Problem description: Here is a listing. Write it all out again exactly, but not its pictures.
═════ Exercise data ═════
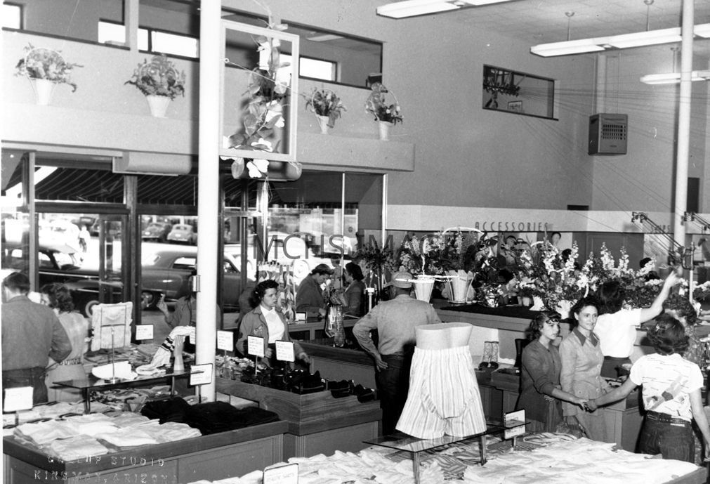 The new J.C. Penneys Store, note the money changers leading to the upstairs office. There are many baskets of flowers. 4th and Beale St.Collection
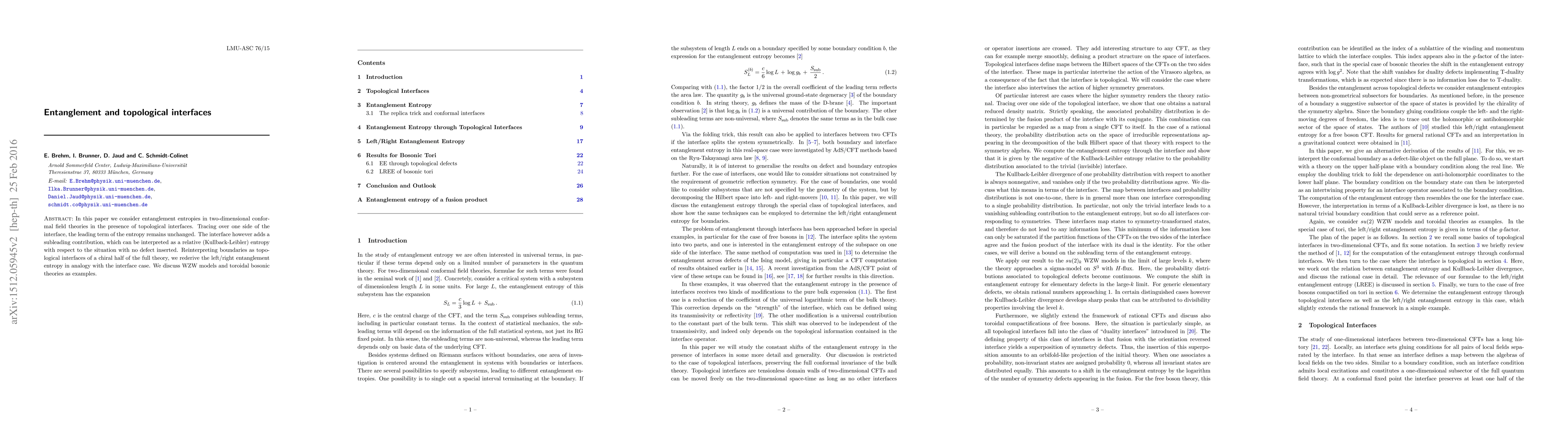 In this paper we consider entanglement entropies in two-dimensional conformal field theories in the presence of topological interfaces. Tracing over one side of the interface, the leading term of the entropy remains unchanged. The interface however adds a subleading contribution, which can be interpreted as a relative (Kullback-Leibler) entropy with respect to the situation with no defect inserted. Reinterpreting boundaries as topological interfaces of a chiral half of the full theory, we rederive the left/right entanglement entropy in analogy with the interface case. We discuss WZW models and toroidal bosonic theories as examples.
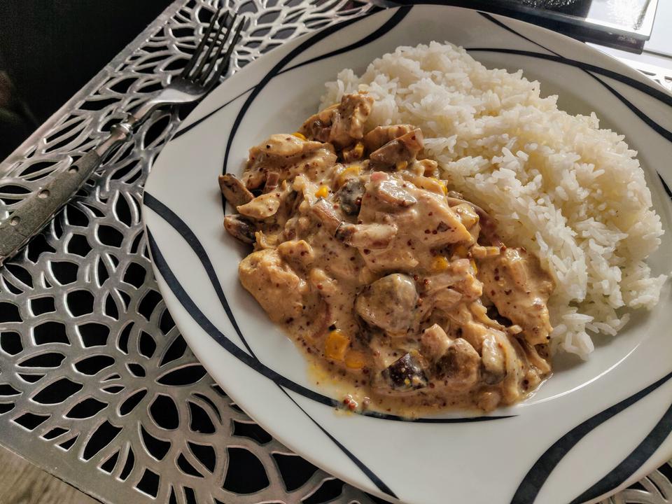 Přidáme hořčici a smetanu, promícháme. Pokud je v pánvi sucho, přidáme vodu.
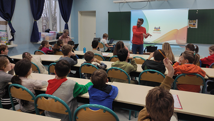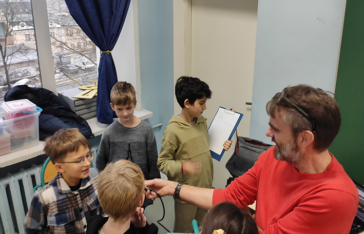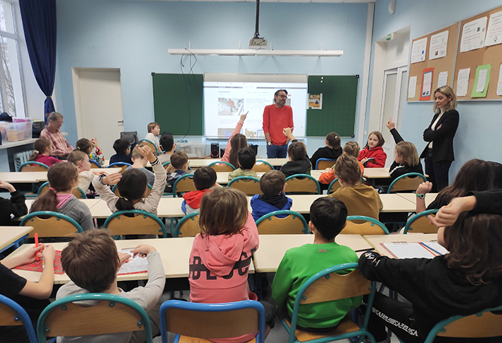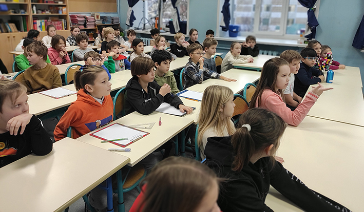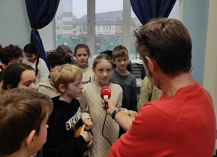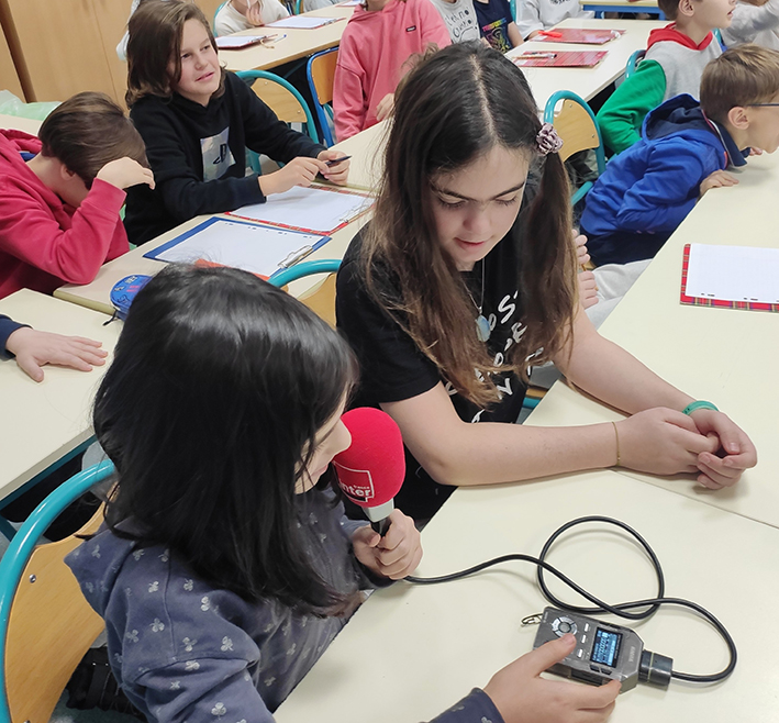 Le mardi 13 décembre, les CM1 et les CM2 de l'école Bounine ont participé à la conférence de M. Sylvain TRONCHET, correspondant de Radio France à Moscou, sur le thème de la découverte du média radio et de ses professionnels. Une fois l'échange terminé, les élèves les plus inspirés par la découverte du métier de journaliste se sont fait interviewer, ci-joint un petit montage enregistré par l'intervenant.
═════
Task result:
 The new J.C. Penneys Store, note the money changers leading to the upstairs office. There are many baskets of flowers. 4th and Beale St.Collection
 In this paper we consider entanglement entropies in two-dimensional conformal field theories in the presence of topological interfaces. Tracing over one side of the interface, the leading term of the entropy remains unchanged. The interface however adds a subleading contribution, which can be interpreted as a relative (Kullback-Leibler) entropy with respect to the situation with no defect inserted. Reinterpreting boundaries as topological interfaces of a chiral half of the full theory, we rederive the left/right entanglement entropy in analogy with the interface case. We discuss WZW models and toroidal bosonic theories as examples.
 Přidáme hořčici a smetanu, promícháme. Pokud je v pánvi sucho, přidáme vodu.
 Le mardi 13 décembre, les CM1 et les CM2 de l'école Bounine ont participé à la conférence de M. Sylvain TRONCHET, correspondant de Radio France à Moscou, sur le thème de la découverte du média radio et de ses professionnels. Une fois l'échange terminé, les élèves les plus inspirés par la découverte du métier de journaliste se sont fait interviewer, ci-joint un petit montage enregistré par l'intervenant.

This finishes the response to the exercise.